- The data
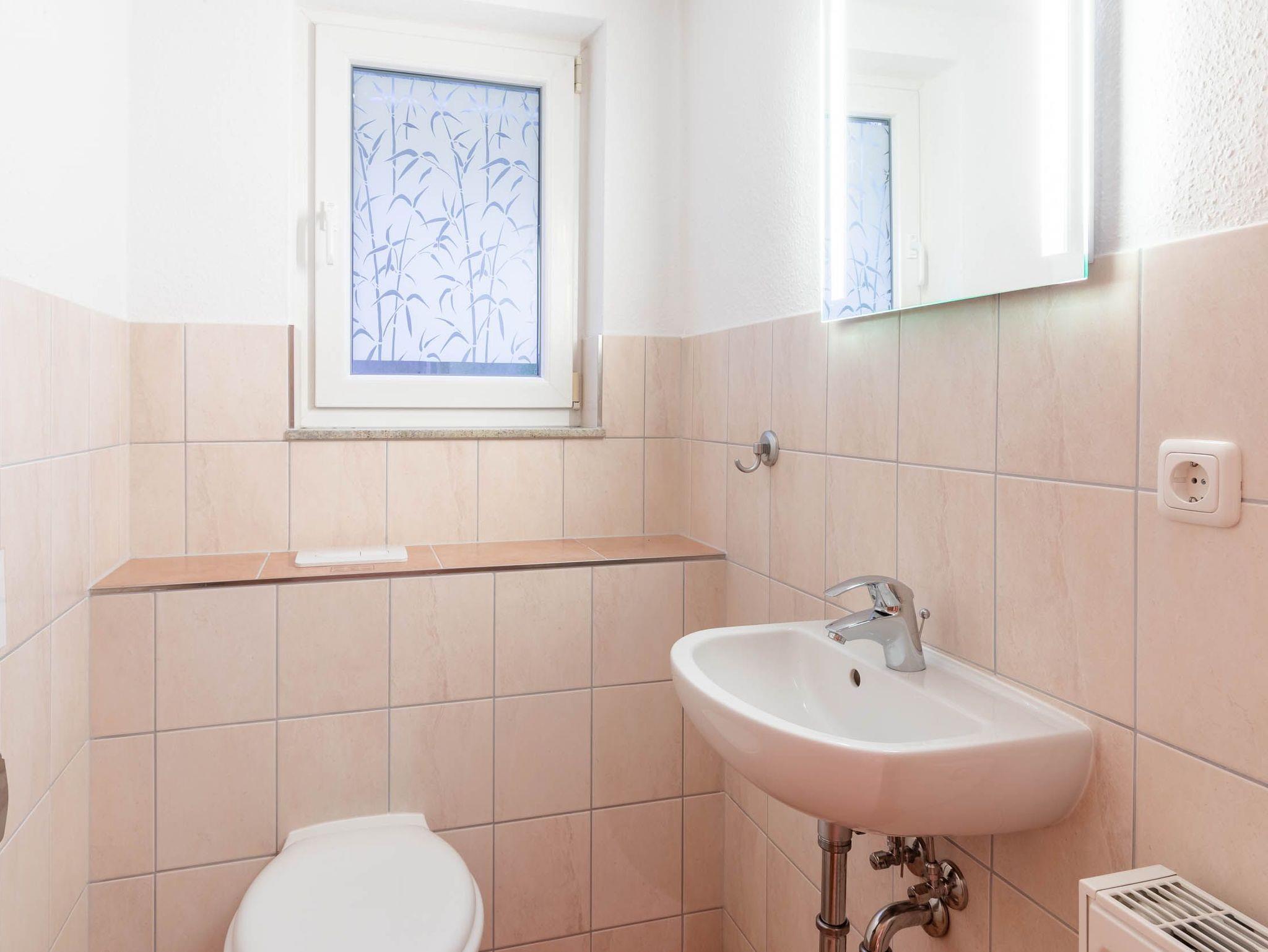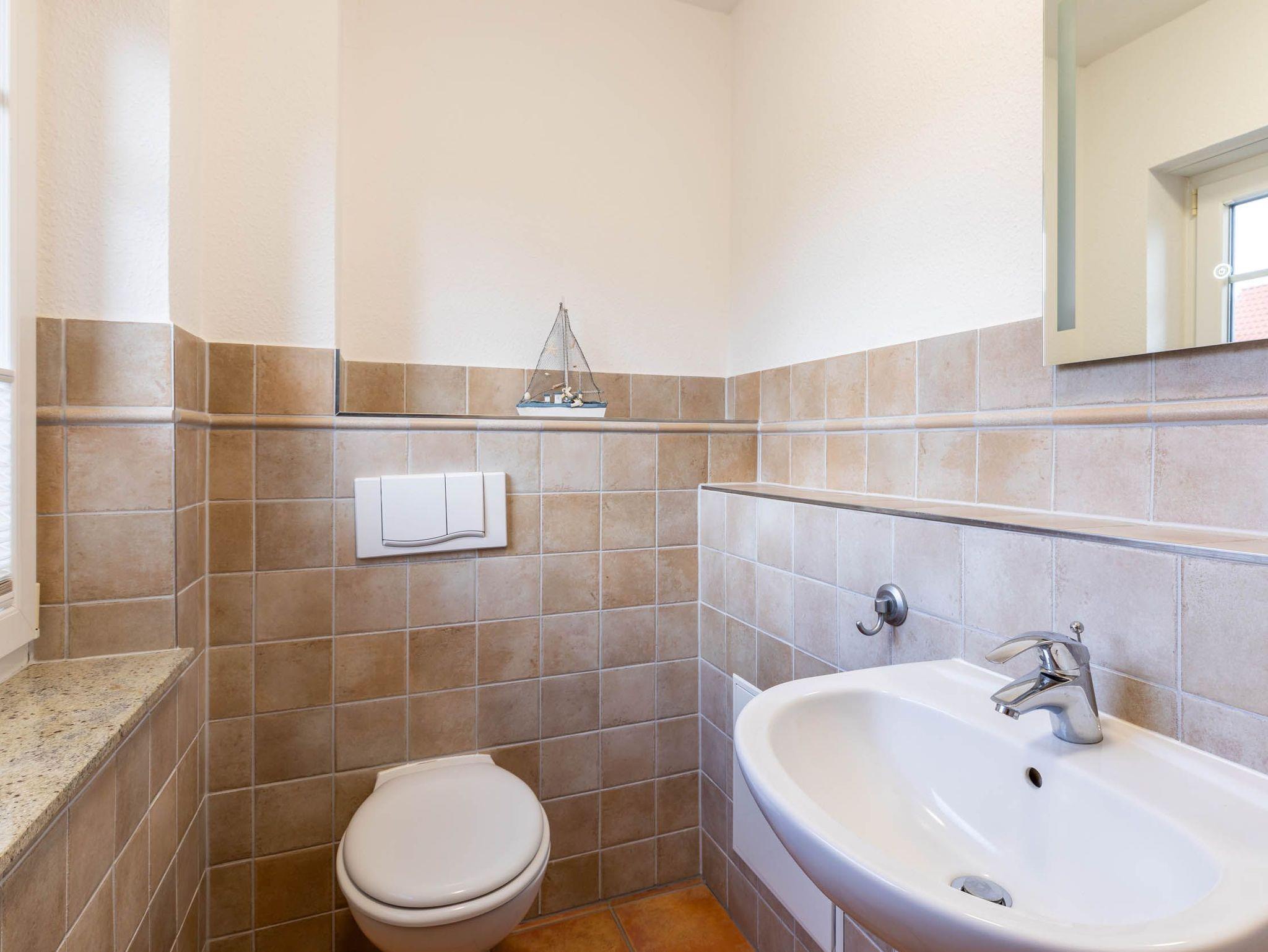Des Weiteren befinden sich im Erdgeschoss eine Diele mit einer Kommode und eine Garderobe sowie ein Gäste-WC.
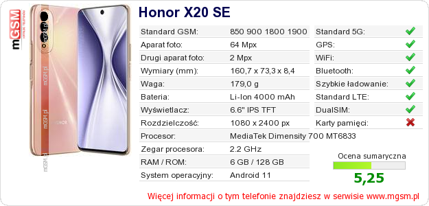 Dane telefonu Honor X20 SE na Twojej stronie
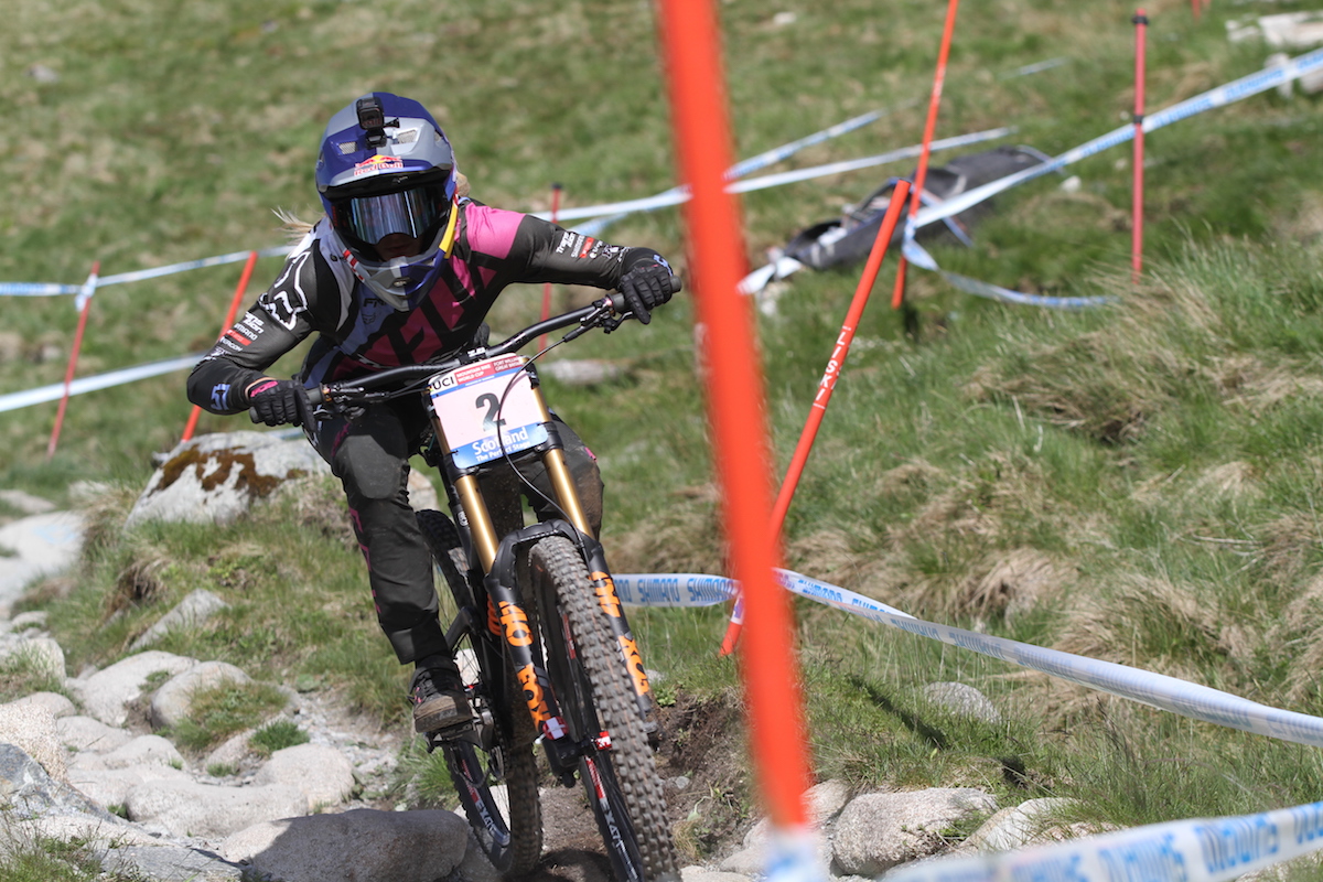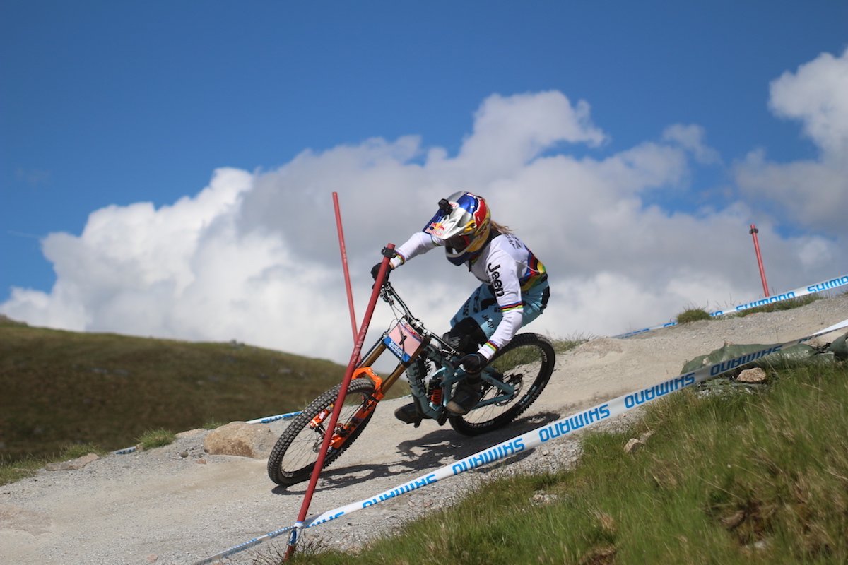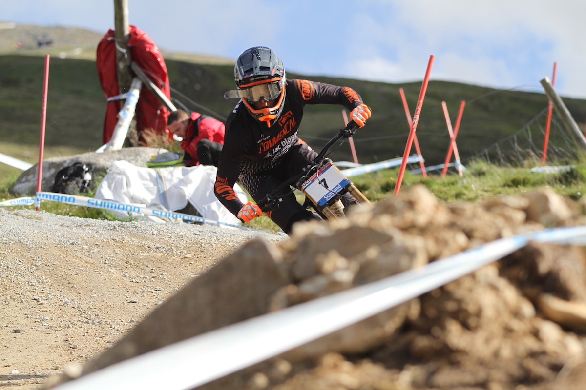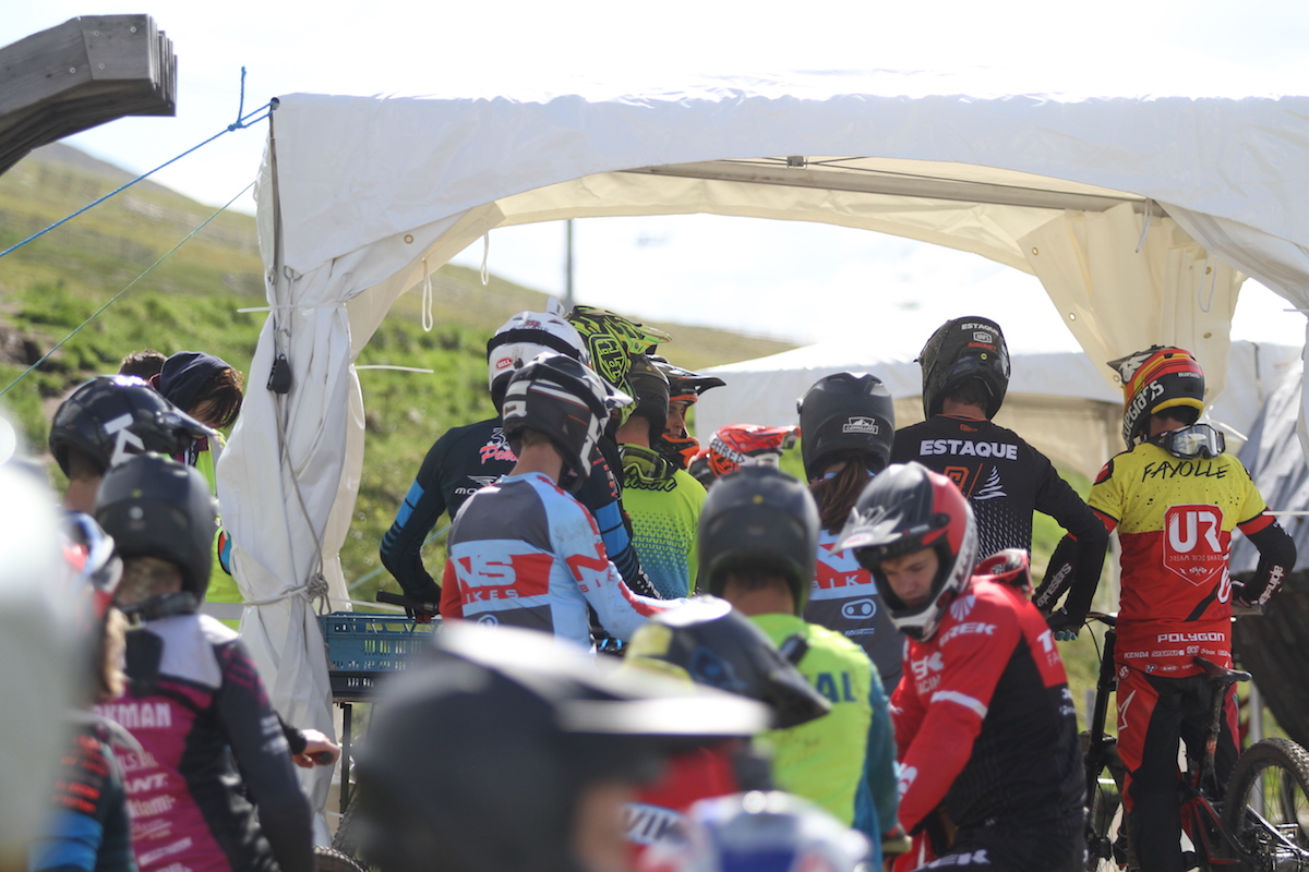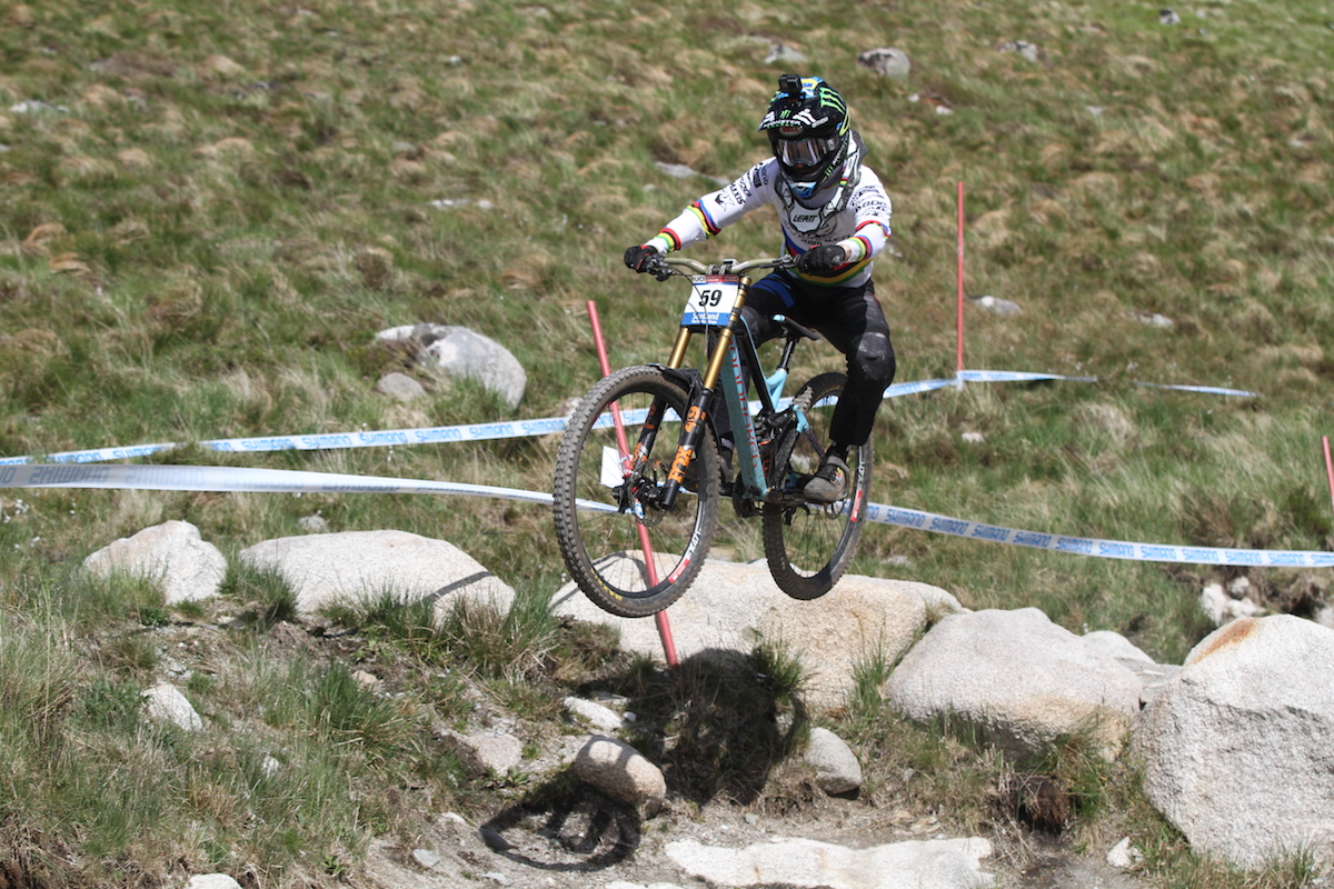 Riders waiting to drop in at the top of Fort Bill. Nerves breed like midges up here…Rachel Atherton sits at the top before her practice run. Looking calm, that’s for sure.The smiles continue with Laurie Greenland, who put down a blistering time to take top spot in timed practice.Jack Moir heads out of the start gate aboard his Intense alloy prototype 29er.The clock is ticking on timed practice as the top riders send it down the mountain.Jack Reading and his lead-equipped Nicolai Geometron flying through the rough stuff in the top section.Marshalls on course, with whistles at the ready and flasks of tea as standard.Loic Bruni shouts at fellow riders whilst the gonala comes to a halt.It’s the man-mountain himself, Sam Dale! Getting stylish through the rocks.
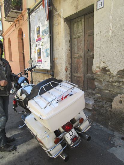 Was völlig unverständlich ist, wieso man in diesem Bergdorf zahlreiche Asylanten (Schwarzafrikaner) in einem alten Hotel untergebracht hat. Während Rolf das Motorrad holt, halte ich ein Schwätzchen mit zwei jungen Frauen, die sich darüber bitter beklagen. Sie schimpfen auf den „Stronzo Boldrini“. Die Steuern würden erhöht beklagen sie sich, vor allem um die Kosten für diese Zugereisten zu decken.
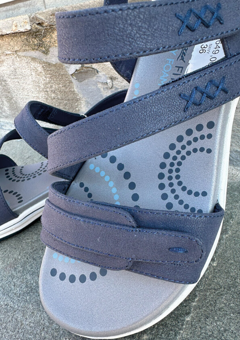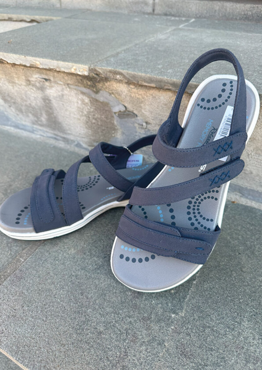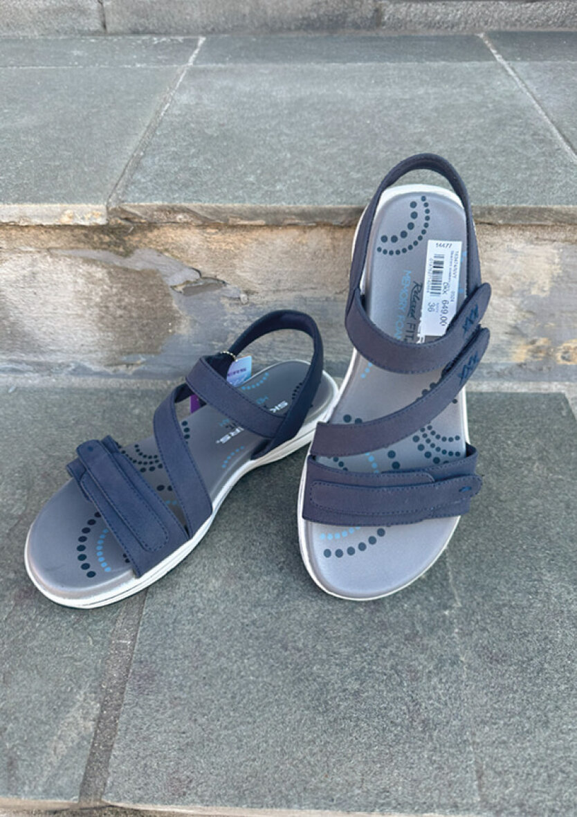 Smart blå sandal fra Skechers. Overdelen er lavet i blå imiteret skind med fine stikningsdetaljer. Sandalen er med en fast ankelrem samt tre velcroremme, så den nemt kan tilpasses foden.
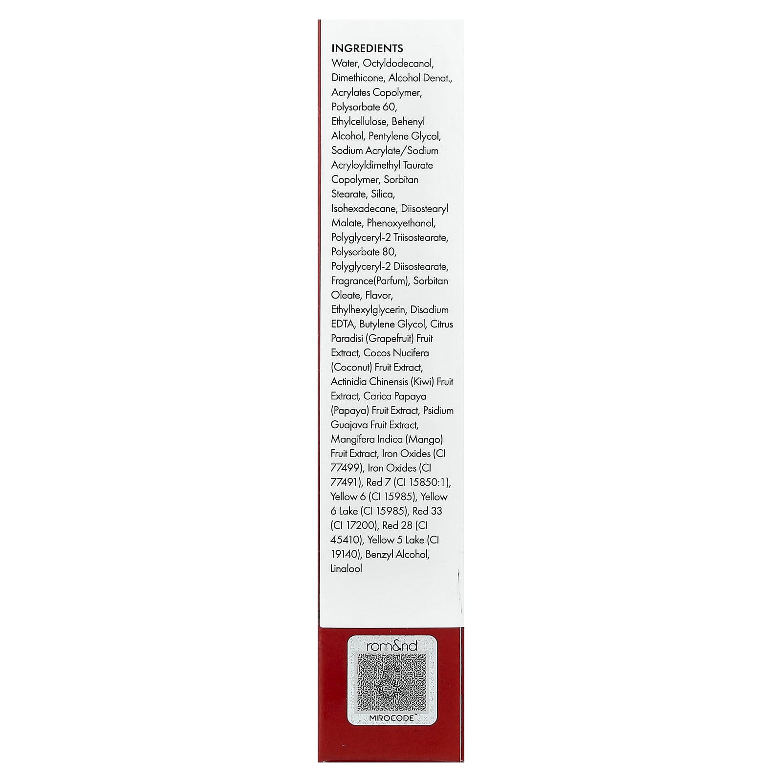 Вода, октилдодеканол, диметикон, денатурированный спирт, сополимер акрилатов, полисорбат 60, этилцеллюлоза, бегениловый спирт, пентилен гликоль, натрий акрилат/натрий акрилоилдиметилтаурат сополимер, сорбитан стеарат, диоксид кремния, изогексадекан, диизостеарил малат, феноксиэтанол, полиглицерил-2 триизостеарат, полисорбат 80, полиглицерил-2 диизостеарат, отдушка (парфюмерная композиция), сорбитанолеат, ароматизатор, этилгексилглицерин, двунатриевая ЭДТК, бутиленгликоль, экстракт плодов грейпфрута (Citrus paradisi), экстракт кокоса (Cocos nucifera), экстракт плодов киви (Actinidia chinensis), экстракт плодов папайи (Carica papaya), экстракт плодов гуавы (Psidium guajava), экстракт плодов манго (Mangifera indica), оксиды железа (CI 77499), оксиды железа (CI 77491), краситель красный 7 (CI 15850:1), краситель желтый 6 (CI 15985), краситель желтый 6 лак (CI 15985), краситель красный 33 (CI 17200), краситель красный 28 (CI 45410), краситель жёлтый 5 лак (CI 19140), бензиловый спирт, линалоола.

- Problem to work on
If a picture sits between the line containing "Was völlig unverständlich" and the line containing "Smart blå sandal", leave it out, and return the lines of that range above exactly, both ends included.

- Result for this exercise
 Was völlig unverständlich ist, wieso man in diesem Bergdorf zahlreiche Asylanten (Schwarzafrikaner) in einem alten Hotel untergebracht hat. Während Rolf das Motorrad holt, halte ich ein Schwätzchen mit zwei jungen Frauen, die sich darüber bitter beklagen. Sie schimpfen auf den „Stronzo Boldrini“. Die Steuern würden erhöht beklagen sie sich, vor allem um die Kosten für diese Zugereisten zu decken.
 Smart blå sandal fra Skechers. Overdelen er lavet i blå imiteret skind med fine stikningsdetaljer. Sandalen er med en fast ankelrem samt tre velcroremme, så den nemt kan tilpasses foden.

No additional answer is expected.